NGF exerts its biological action through the contribution of two receptors: the high-affinity TrkA and the low-affinity p75 [18]. In endothelial cells, NGF-mediated TrkA phosphorylation activates the mitogen-activated protein kinase pathway and leads to cell proliferation [5]. The role and signalling pathway of p75 are still controversial. The receptor has been linked to apoptosis of vascular smooth muscle cells [19], neurons and oligodendrocytes [20], although consensus on this theory is not universal [21]. Our study is the first to propose a correlation between p75 and apoptotic death of endothelial cells, and to indicate a possible implication of p75 in diabetic microangiopathy. Up-regulation of the receptor may be a hallmark of death for diabetic tissues subjected to ischaemic insult (as shown here) or to mechanical cutaneous injury (see article by Graiani et al. in this issue of Diabetologia). The large up-regulation of p75 in endothelial cells, which occurred concomitantly with reduced NGF in the ischaemic limb muscles of Type 1 diabetic mice, may lead to an excess of p75 not occupied by their ligand. A similar scenario has been implicated by some authors in the generation of apoptotic signals in neurons [22, 23, 24, 25]. Moreover, the interaction between NGF and TrkA, as well as post-receptorial TrkA signalling, may be affected by reduced NGF and increased p75 expression. Additional work will be necessary to clarify whether p75 has a direct pro-apoptotic effect on endothelial cells and to identify the molecular signalling that leads to activation of p75 in diabetic endothelial cells.

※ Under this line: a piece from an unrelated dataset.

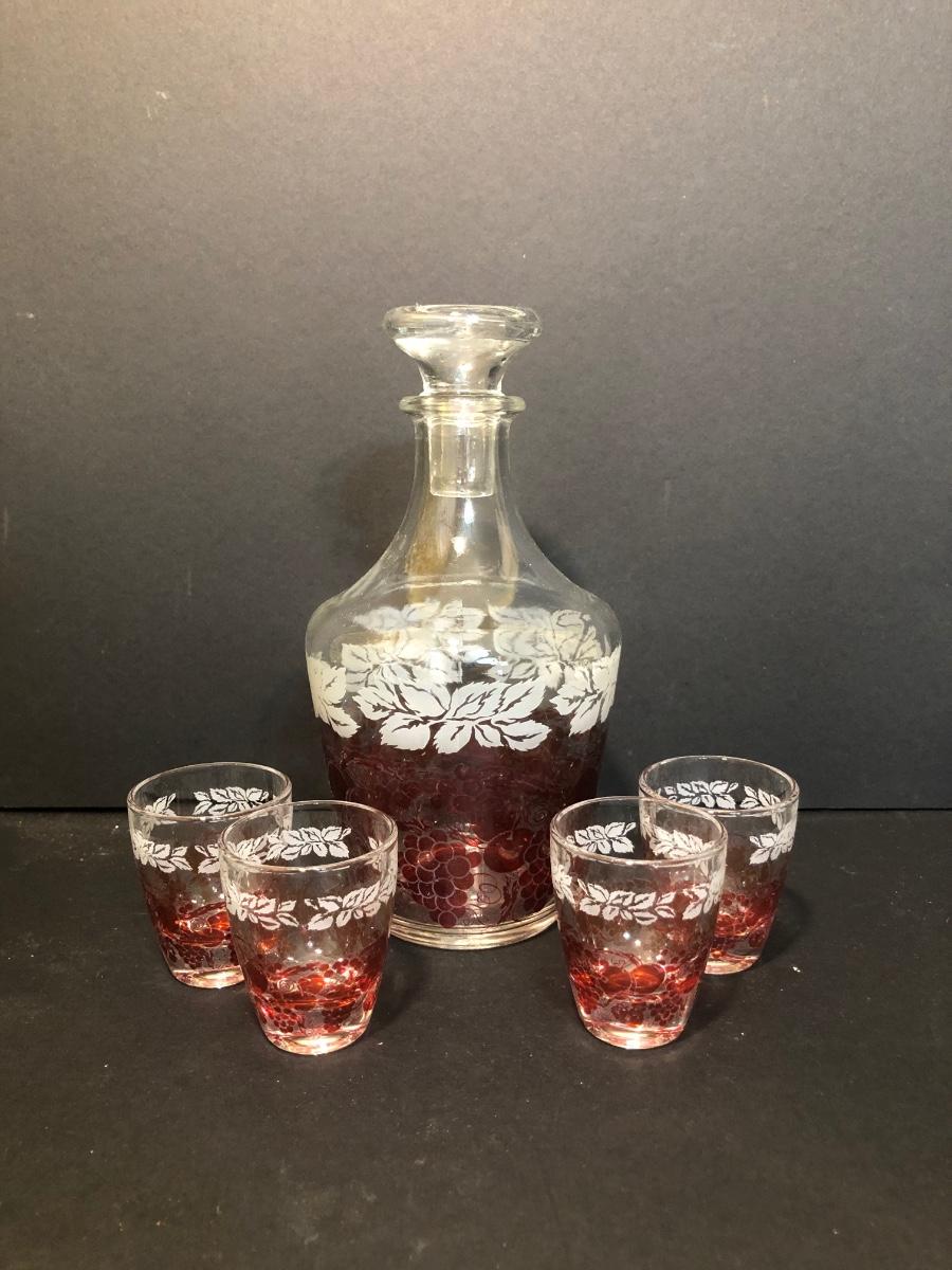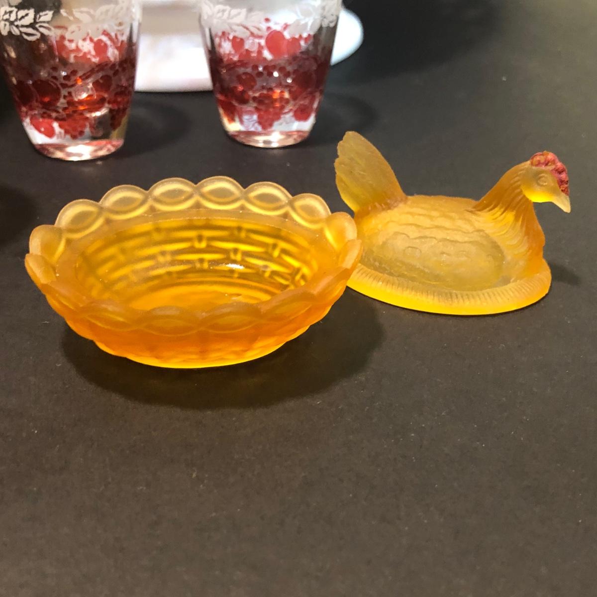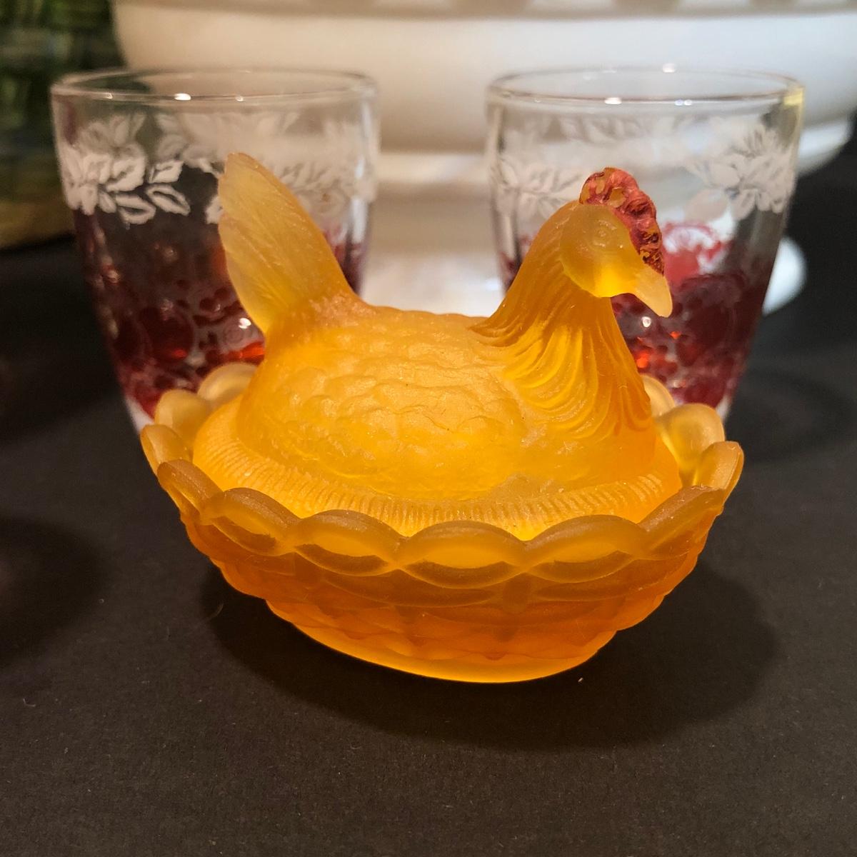 Includes three variously sized hens on nests that are each two pieces. The decanter has an etched design and four matching shot glasses.

Most importantly, in a diabetic mouse model with superimposed ischaemia, we demonstrated that NGF supplementation stimulates reparative neovascularisation, improves blood flow recovery and concomitantly decreases the number of p75-positive endothelial cells and apoptosis. Interestingly, with regard to possible clinical exploitation, repeated local administration of NGF into ischaemic limbs did not endanger the retina of mice. This is not a secondary issue, as it is well known that abnormal capillarisation causes retinopathy, one of the most diffuse and severe complications of diabetes. Moreover, we did not observe any evident signs of abnormal behaviour connected to increased pain perception in NGF-treated mice.

In conclusion, our study suggests that NGF may represent a potential new therapeutic tool to combat microvascular complications caused by diabetes.